Most of One Nation, After All isn’t worth the bother. Mr. Wolfe quotes liberally from his interviews, and, as one snobbishly expects, the responses of 200 supposedly representative suburbanites are in and of themselves utterly uninteresting. Here and there a flash of vernacular wit, like the Cobb County, Ga., resident commenting on civic obligation: “If you sit there eating bonbons and watching As the World Turns , the world is going to turn without you.” Unless you have a professional interest in how sociologists work their voodoo, or you’re hot to contest a specific segment of the Middle-Class Morality Project findings, you need only read the first and last chapters-the first to take measure of Mr. Wolfe as he clears his throat, the last to get the gist in summary and study the implications of “morality writ small.”

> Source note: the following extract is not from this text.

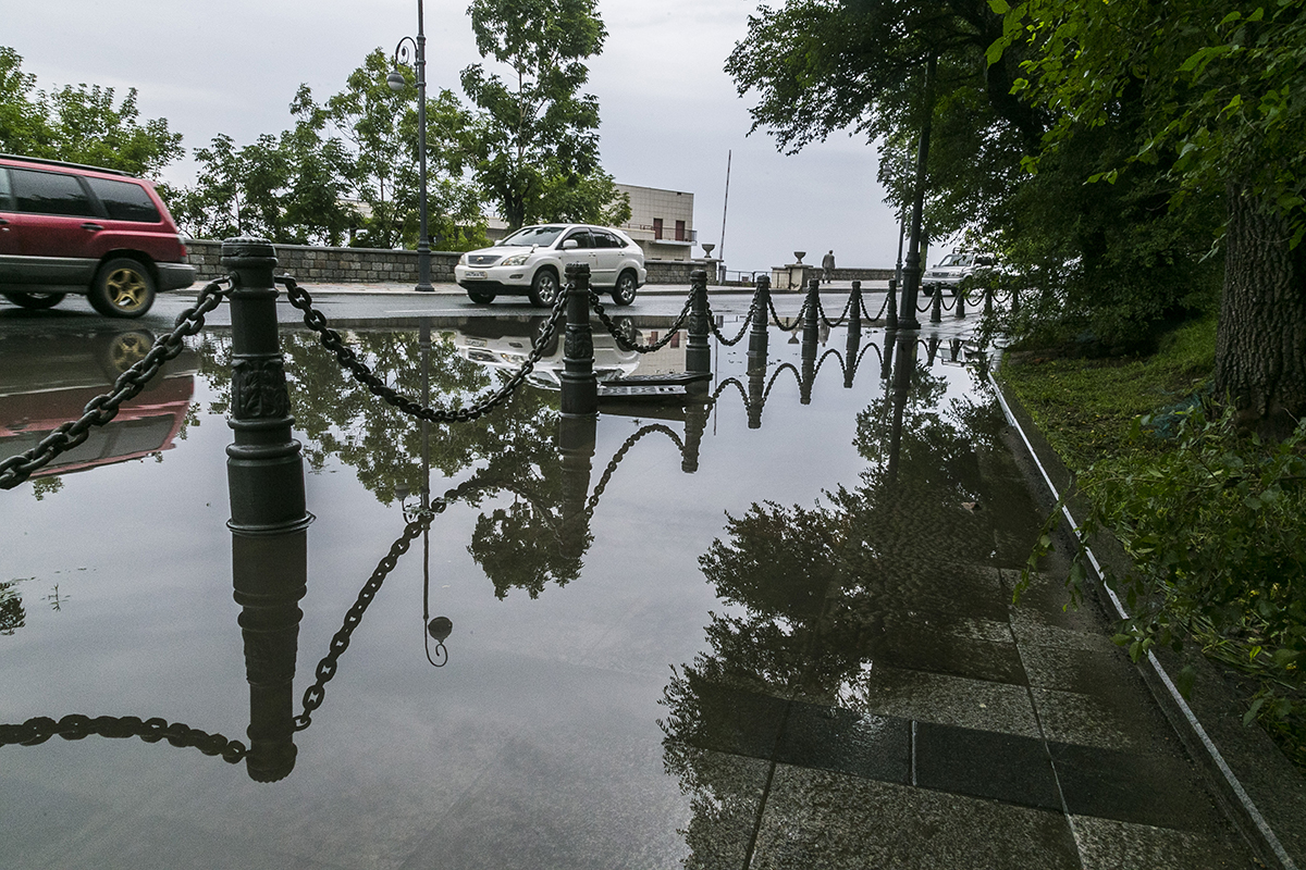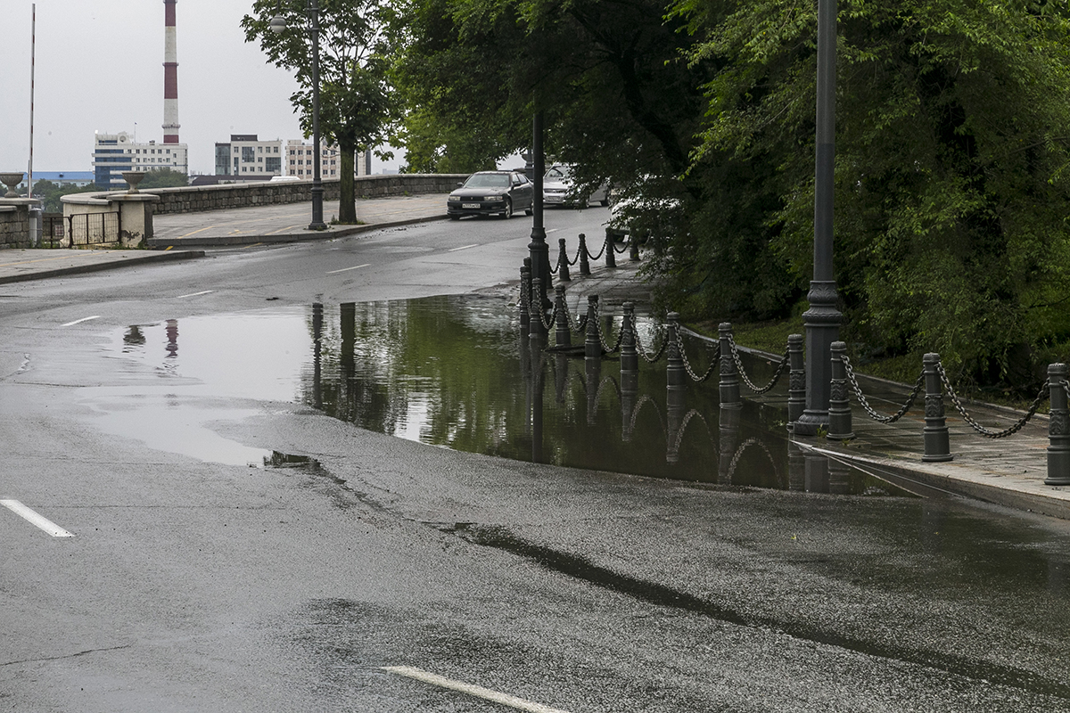 Ночью во Владивосток пришла непогода: ливневый дождь и сильный ветер добавили проблем горожанам. Коммунальные службы, чтобы уходила вода, убирают решетки с колодцев ливневой канализации – опасные провалы ничем не огораживают, а стоки, давно и безнадежно забитые, все равно не справляются с осадками.

Split by the culture wars into hostile factions, American intellectuals do their best to stake out ideologically consistent positions. Traditionalists pledge allegiance to God and family and country; modernists and postmodernists happily offer to reconfigure each element of that holy trinity. Middle-class Americans, says Mr. Wolfe, “distrust ideological thinking”; they see no problem with keeping a foot in each camp. They combine “professions of loyalty to the essential truths of transcendental moral principles” (the sure-fire way to warm a conservative’s heart) with “determined revisions” of those essential truths “to account for contemporary circumstances”-a liberal’s delight.
According to Mr. Wolfe, the middle class practices what Claude Lévi-Strauss called ” bricolage .” Its morality is slapped together on the spot, local and perishable-not for export. The middle class is reluctant to judge. This troubles Mr. Wolfe: He invokes the granddaddy of sociology, Émile Durkheim, who warned that “moral mediocrity” would be the sad byproduct of moral libertarianism. Mr. Wolfe feels that “middle-class Americans might be better off with a little more Kantian backbone in their moral assembly kit.” These worries notwithstanding, he presents morality writ small in a positive light, as a hedge against extremism and partisan excess.
Though he gives no sign of recognizing the fact, Mr. Wolfe has described a middle class that resembles, in its hazy outlines, our very pragmatic President. Maybe after a while voters and their elected officials always start looking alike, like a dog and its owner.
How can politicians who line up more steadfastly on the left or the right take advantage of the moral flexibility of the middle class? How best to woo this vast, protean segment of the electorate? Mr. Wolfe believes that middle-class Americans like the conservative message, but not the implacable attitude and the shrill tone. To liberals he hears his sample saying, “Trust us more and maybe we will trust you more”-trust in the reasonableness of everyday morality. In short, Mr. Wolfe thinks he can detect in the ebb and flow of middle-class opinion welcoming gestures toward both Republicans and Democrats. His sample is beckoning staunchly opposed political parties home to the center.
Can you use One Nation, After All to predict the outcome of the current national soap opera? It’s a clouded crystal ball, and my specs are a little grungy, encrusted with F.O.B. residue, but I believe I see how it will all play out. Asked about the morality of Zippergate, the 200 suburbanites (America writ small) would waffle a bit and then pronounce: “If the Prez can wriggle out of this one, more power to him!”